**Items listed in a dataset**
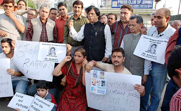 | People seek stringent punishment, law against menace of ragging Aman Kachroo who was killed by his seniors at Medical College in Himachal Pradesh a few days ago during a ragging session has drawn severe criticism by the intellectuals as well as other citizens seeking a proper legislation against the menace. RK Bharati Foundation along with the relatives of Aman Kachroo today organized a massive candle light protest demonstration in Jammu and was joined by a large number of people and leaders of different organizations. Citizens raised slogans against the killers and asked the Himachal Government to punish the killers besides urging the government of India to bring legislation and direct all the school and college administration in the country to keep a strict tab on the menace so that many precious lives are saved. The demonstrators started a protests rally from Press Club and Culminated near Pt Prem Nath Dogra’s statue where two minutes silence was observed for the peace to the departed soul and floral tributes were paid besides lighting candles in front of the portrait of Aman Kachroo. King C Bharati, Chairman of the RK Bharati Foundation said that college administration was also guilty of trying to shield the crime for 36 hours and sought de-recognition of the college immediately. King C Bharati also asked the state chief minister Omar Abdullah to intervene and pressurize the Himachal Government to ensure speedy justice to the aggrieved family as this will be a lesson to other anti-social elements to desist from such bullying of the students in future. He said that ragging has achieved an alarming situation in the country with many brilliant students losing their life and career at the whims and fancies of a few ‘goonda’ elements. Bharati also condemned yet another case of ragging in Andhra Pradesh in which a girl tried to commit suicide after getting humiliated at the hands of her seniors. Prominent among those who participated in today’s protest demonstration include, M.L. Koul, Grand Uncle of Aman Kachroo, Bhushan Lal Bhat, Ex-MLC, Dr. RL Bhat (JKVM), Sanjay Dhar, Vijay Chicken, G.K. Mujju, Hira Lal, Romesh Hangloo, Rakesh Tickoo, Durga Nath Hangloo and many other leaders, ladies and children. |
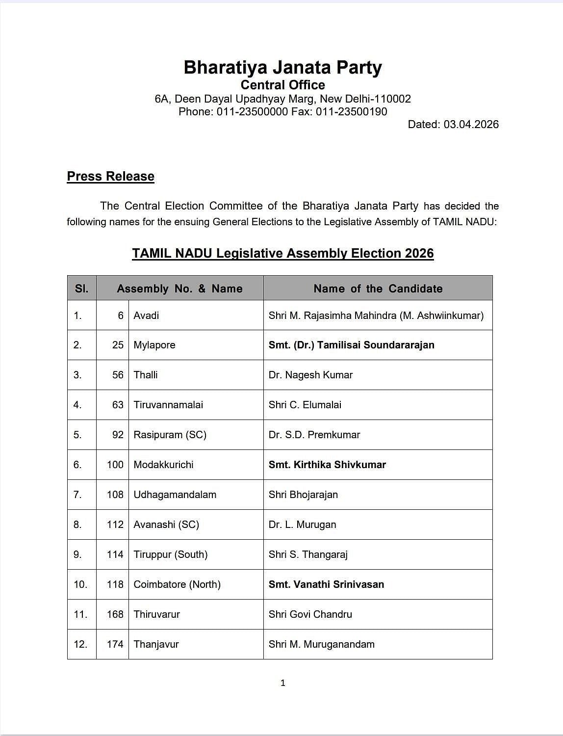 மயிலாப்பூரில் தமிழிசை சௌந்தரராஜன், அவினாசியில் எல். முருகன், கோவை வடக்கில் வானதி சீனிவாசன், சாத்தூரில் நயினார் நாகேந்திரன், விளவங்கோடு தொகுதியில் எஸ். விஜயதாரணி ஆகியோர் போட்டியிடுகின்றனர்.
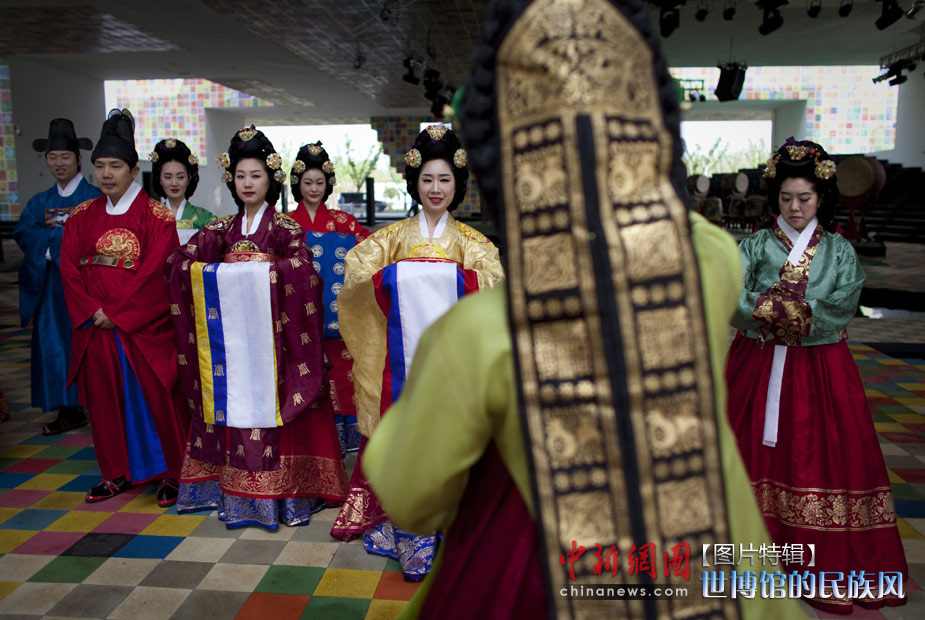 5月1日,上海世博會正式開園。圖為在韓國館內(nèi)接待人員身著民族特色服飾迎接參觀者。
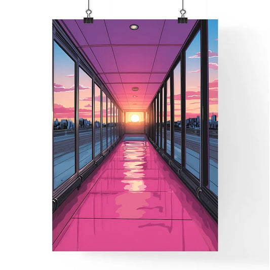 Pack your bags with adaptability today - Art print of a long hallway with a pink floor and glass windows
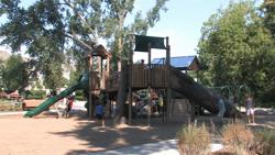 [video: music begins to play. Scene changes to a close-up view of the feet washing station with swing set in the background. Camera switches to an opening in the trees where a boat cruises past down the river. Camera view changes to looking up at a tall tree with the sun peeking through the branches. Camera close-up of a laminated piece of paper displayed reading: Welcome to Fourth Avenue North Playground. This unique playground was constructed with the help of many volunteers and much donor support. We would like to thank those supporters who helped make this play area possible.]
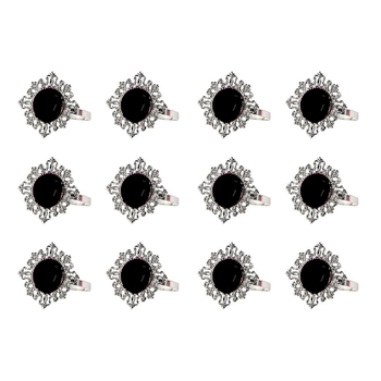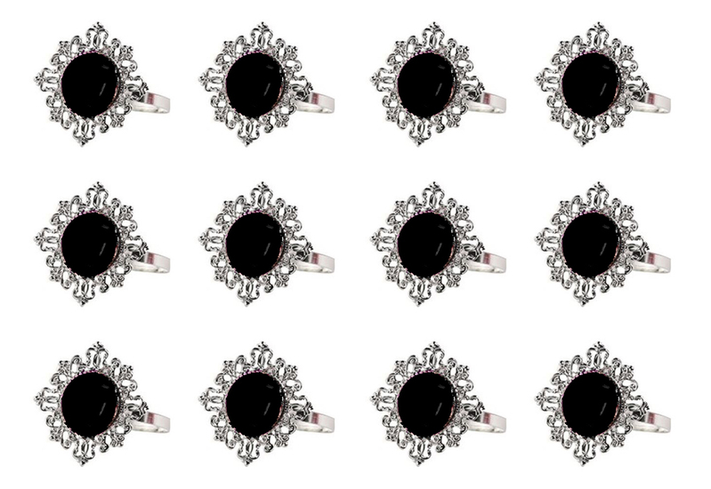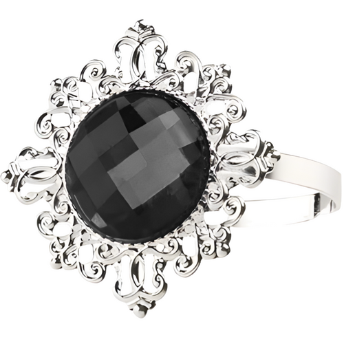 These stunning pack of 12 black diamond Ring-style napkin rings are crafted from metal. Each ring features a sparkling faux diamond and intricate filigree detailing, measuring 5cm in diameter (diamond and filigree) and the ring part fitting napkins up to 4cm wide.
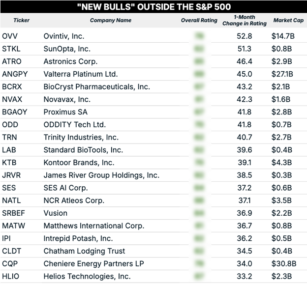 Let’s cast the net a little wider and look at the newly “Bullish” stocks outside of the S&P 500.
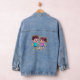 Cute Cartoon Boy and Girl Playing Soccer Together Jeansjacke
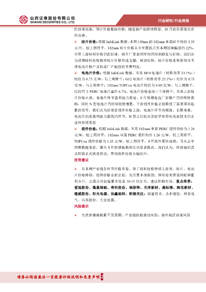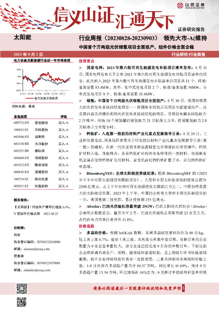 山西证券:太阳能行业周报:中国首个万吨级光伏绿氢项目全面投产,组件价格全面企稳.pdf
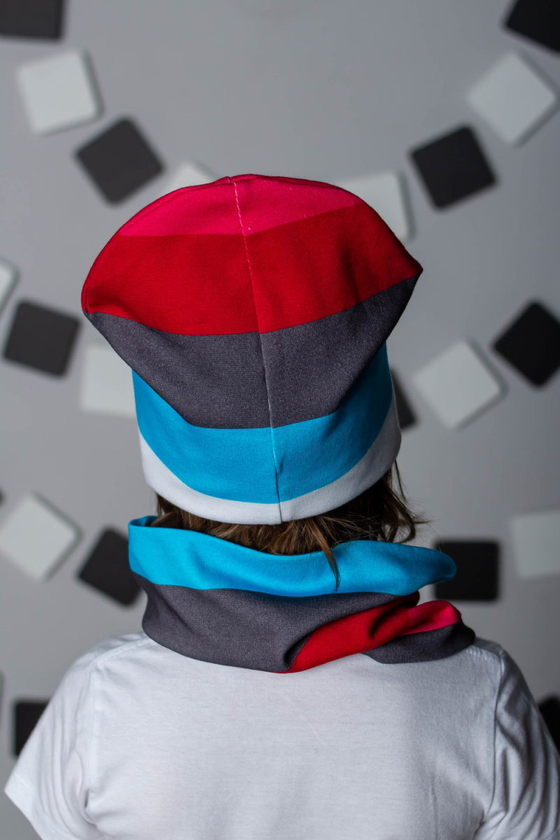 Комплект: шапка + шарф-снуд для мальчиков в насыщенной современной расцветке

**Task to carry out**
Extract the entries in full, exactly as they are, minus the pictures.

**Answer section**
 | People seek stringent punishment, law against menace of ragging Aman Kachroo who was killed by his seniors at Medical College in Himachal Pradesh a few days ago during a ragging session has drawn severe criticism by the intellectuals as well as other citizens seeking a proper legislation against the menace. RK Bharati Foundation along with the relatives of Aman Kachroo today organized a massive candle light protest demonstration in Jammu and was joined by a large number of people and leaders of different organizations. Citizens raised slogans against the killers and asked the Himachal Government to punish the killers besides urging the government of India to bring legislation and direct all the school and college administration in the country to keep a strict tab on the menace so that many precious lives are saved. The demonstrators started a protests rally from Press Club and Culminated near Pt Prem Nath Dogra’s statue where two minutes silence was observed for the peace to the departed soul and floral tributes were paid besides lighting candles in front of the portrait of Aman Kachroo. King C Bharati, Chairman of the RK Bharati Foundation said that college administration was also guilty of trying to shield the crime for 36 hours and sought de-recognition of the college immediately. King C Bharati also asked the state chief minister Omar Abdullah to intervene and pressurize the Himachal Government to ensure speedy justice to the aggrieved family as this will be a lesson to other anti-social elements to desist from such bullying of the students in future. He said that ragging has achieved an alarming situation in the country with many brilliant students losing their life and career at the whims and fancies of a few ‘goonda’ elements. Bharati also condemned yet another case of ragging in Andhra Pradesh in which a girl tried to commit suicide after getting humiliated at the hands of her seniors. Prominent among those who participated in today’s protest demonstration include, M.L. Koul, Grand Uncle of Aman Kachroo, Bhushan Lal Bhat, Ex-MLC, Dr. RL Bhat (JKVM), Sanjay Dhar, Vijay Chicken, G.K. Mujju, Hira Lal, Romesh Hangloo, Rakesh Tickoo, Durga Nath Hangloo and many other leaders, ladies and children. |
 மயிலாப்பூரில் தமிழிசை சௌந்தரராஜன், அவினாசியில் எல். முருகன், கோவை வடக்கில் வானதி சீனிவாசன், சாத்தூரில் நயினார் நாகேந்திரன், விளவங்கோடு தொகுதியில் எஸ். விஜயதாரணி ஆகியோர் போட்டியிடுகின்றனர்.
 5月1日,上海世博會正式開園。圖為在韓國館內(nèi)接待人員身著民族特色服飾迎接參觀者。
 Pack your bags with adaptability today - Art print of a long hallway with a pink floor and glass windows
 [video: music begins to play. Scene changes to a close-up view of the feet washing station with swing set in the background. Camera switches to an opening in the trees where a boat cruises past down the river. Camera view changes to looking up at a tall tree with the sun peeking through the branches. Camera close-up of a laminated piece of paper displayed reading: Welcome to Fourth Avenue North Playground. This unique playground was constructed with the help of many volunteers and much donor support. We would like to thank those supporters who helped make this play area possible.]
 These stunning pack of 12 black diamond Ring-style napkin rings are crafted from metal. Each ring features a sparkling faux diamond and intricate filigree detailing, measuring 5cm in diameter (diamond and filigree) and the ring part fitting napkins up to 4cm wide.
 Let’s cast the net a little wider and look at the newly “Bullish” stocks outside of the S&P 500.
 Cute Cartoon Boy and Girl Playing Soccer Together Jeansjacke
 山西证券:太阳能行业周报:中国首个万吨级光伏绿氢项目全面投产,组件价格全面企稳.pdf
 Комплект: шапка + шарф-снуд для мальчиков в насыщенной современной расцветке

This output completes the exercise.